"I'm curious as to why we think all students need to write well."—faculty member in discussion about requirements and standards
Oh, I don't know:
Because this is an institution of higher learning?
So that they won't be illiterate idiots?
Geez.
In fairness, I believe the point had something to do with the need to value visual arts and expressive culture, as well. No argument there, in principle.
The fact remains, however: Many skills are important, but in a given context, there are hierarchies. There is, after all, a reason that, when I go to the Registry of Motor Vehicles to renew my driver's license, I am given a vision rather than hearing test.
And colleagues wonder why people hold us and our institutions of higher learning in such low esteem.
2 comments:
Do people really hold institutions of higher learning in low esteem?
I went googling for polls that might answer that questions, and this was the closest I found; colleges and universities seem to be very well respected:
The Harris Poll. Feb. 10-15, 2009. N=1,010 adults nationwide. MoE ± 3.
"As far as people in charge of running [see below] are concerned, would you say you have a great deal of confidence, only some confidence, or hardly any confidence at all in them?"
The military: 58% great deal
Small business: 48%
Major educational institutions, such as colleges and universities: 40%
The White House: 36%
Good point, Gavin. You're calling for evidence and using a quantitative measure (see a later post). Bravo. Perhaps I should have said that people hold academics and many features of academic culture in low esteem.
True, there is a very strong collective belief in the value of education. However, the general public often interprets the value of education differently than do the people who run and teach at universities. In 2003, the Chronicle of Higher Education wrote:
"An extensive national poll of public opinion of higher education, conducted by The Chronicle, shows that the public is more than satisfied with the quality of education that American colleges provide. In particular, the public's confidence in private colleges was exceeded only by its trust in the U.S. military. Four-year and two-year public colleges ranked only slightly lower, just below local police forces.

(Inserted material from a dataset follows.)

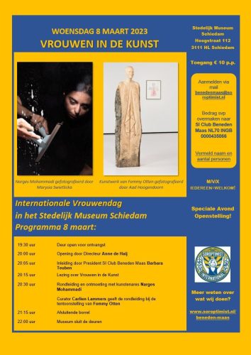Op 8 maart vanaf 19:30 uur gaan de deuren van het Stedelijk Museum Schiedam open voor het event ‘Vrouwen in de Kunst’ voor alle geïnteresseerden (m/v/x) om Internationale Vrouwendag te vieren.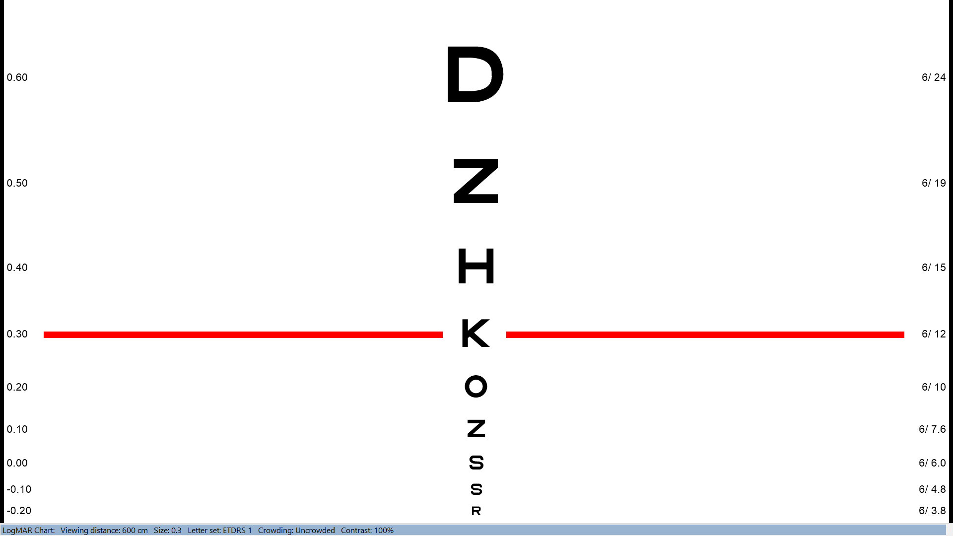 In LogMAR mode, pressing the I key again displays two letters, then 3 letters until all five are shown again. Pressing Esc restores the chart to to 5 letters/row.

"Even so, Americans dislike many things that colleges do, and they question the priorities of college presidents. The survey's respondents were highly skeptical about affirmative action, tenure, big-time athletics, and other entrenched practices of the academic establishment. About two-thirds of the respondents said that colleges place too much emphasis on sports, and that experienced professors should not be granted jobs for life. More than 60 percent said colleges should not admit minority students who have lower grade-point averages and test scores than their peers.
"Respondents also urged universities to focus less on economic-development and research missions, which their presidents often emphasize, and more on the basics: general education, adult education, leadership and responsibility, and teacher training. According to the poll, the most important role for a college is preparing undergraduates for a career."
What I was referring to was the attitude behind the skepticism reported in the poll, i.e. the notion that academics are elitist and devoid of common sense, that their research and writing are arcane and of little value, etc. which derives in part from specific contemporary debates ("culture wars," conservative backlash), but also from a deeper and broader tradition described by Richard Hofstadter in his Pullitzer Prize-winning Antiintellectualism in American Life (1964). See, e.g. this summary in Peter Gilbert's Vermont Public Radio commentary.
Some of this dovetails with a phenomenon we are familiar with from Town Meeting, i.e. an instinctive suspicion of "expertise." Interestingly, though, Town Meeting on a bad day manages to combine the worst of both worlds, i.e. populist suspicion of authority and professional or specialized knowledge with the "deliberative, thoughtful approach" (Gilbert)—which populists normally disdain—carried to an extreme.
Bottom line: When a professor questions the need for students to write well, he makes not just himself, but all of us look stupid and out of touch with reality.